In spite of this, Ukraine is today a de facto NATO member, lacking only Article 5 protection. (Article 5 protection, granted only to de jure NATO members, would obligate other NATO members to come to its defense in the event of an invasion.) Ukraine’s de facto NATO status is reflected in the billions of military aid granted to it by the US since 2014, as well as its participation in NATO war games and naval maneuvers during both the Obama and Trump administrations. Additionally, Russia had been concerned with western missile systems being deployed in Ukraine.
Also, the point must be made: NATO is not a defensive alliance. Since the first Cold War ended in 1991, NATO has been involved in four offensive wars: Kosovo (1999), Afghanistan (2001-2021), Iraq (2003-2011), and Libya (2011), none of which had anything to with defending western Europe or the “North Atlantic.” Also, here’s what needs to be emphasized repeatedly: Less than 50 years after the end of the most destructive war in human history, in 1990, the Soviet Union, which lost 26.6 million people in WWII in less than four years, (15 percent of its population, equivalent to 49 million Americans today), agreed to allow the country that started that war against it, Germany, to reunite and remain a NATO member.
For this incredibly magnanimous offer, what did Mikhail Gorbachev’s Soviet Union ask the West in return? Just one, simple thing: Don’t expand NATO eastward. What an incredible deal! Too bad the West and the US couldn’t keep its end of the bargain and eventually turned Russia from an ally into an enemy, in no small part because of its broken promises over NATO. In 1990, NATO had 16 members; today it has 30. Almost all of the former Warsaw Pact members are now in NATO, and note specifically that current NATO members Hungary, Romania, and Slovakia joined Nazi Germany in Operation Barbarossa in 1941. There are still Russians alive today who remember WWII. Putin himself lost his maternal grandmother, his older brother, and many uncles in the Great Patriotic War. Also, both of Putin’s parents were injured in the war.

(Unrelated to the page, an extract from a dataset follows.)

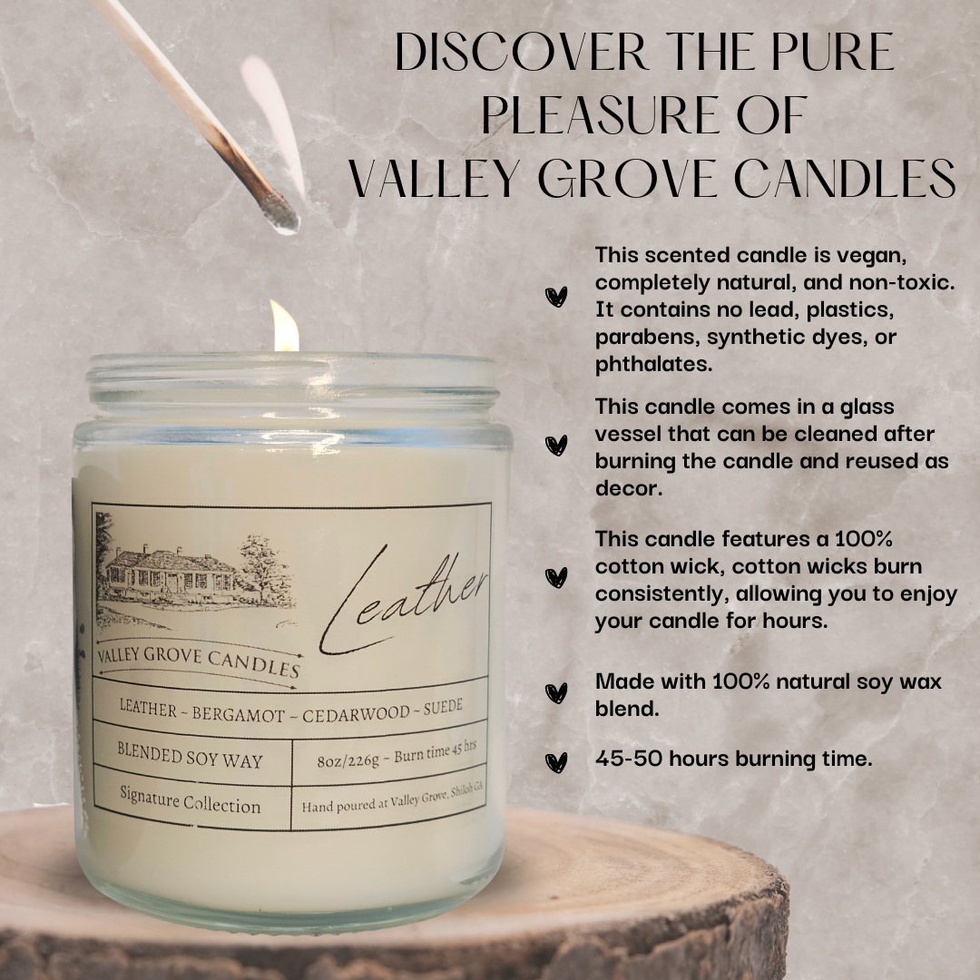 Indulge in the nostalgic scent of our Leather candle, reminiscent of a traditional saddle shop. This blend of leathery notes captures the authentic aroma of finely crafted leather, adding a rugged yet sophisticated essence to your surroundings.

After 1991, the US should have left NATO and encouraged western Europe to phase it out by the end of the millennium. Finally, note that the late John David Lewis might have argued that Germany in 1990 had no right to reunify, since it had begun the most destructive war in history in 1941 and carried out mass genocide against millions. Note that the Kaiser’s Germany committed far fewer war crimes than did Nazi Germany, yet in “Nothing Less Than Victory” Lewis vehemently argues that the Allies should have required unconditional surrender of Germany in 1918 and that western conciliation and appeasement towards Germany throughout the 1930s precipitated WWII. On this view, the West should have opposed German reunification in 1990 (as did Margaret Thatcher). Also, as he assumed command of NATO forces in 1951, two years before he became US president, Eisenhower stated that “If in 10 years, all American troops stationed in Europe for national defense purposes have not been returned to the United States, then this whole [NATO] project will have failed." Too bad that as president, Ike didn’t pull US troops out of Europe. Also, note that his granddaughter, Susan Eisenhower, along with 49 other foreign policy notables wrote an open letter to President Clinton on June 26,1997, opposing NATO expansion. Note that the 50 names in the letter include some doves but also many hawks like Richard Pipes, Gordon Humphrey, Sam Nunn, Fred Ikle, Stansfield Turner, Edward Luttwak and even Paul “Rollback” Nitze. In reading the letter, it’s clear that what these 50 people warned us about NATO expansion 25 years ago has now transpired. Also, Nitze’s rival, George “Containment” Kennan, argued back then that NATO expansion was "... the most fateful error of American policy in the entire post-Cold-War era." The next year, in 1998, Kennan elaborated in an interview with the NY Times’ Thomas Friedman. Again, history has proven Kennan and the other 50 foreign policy specialists right.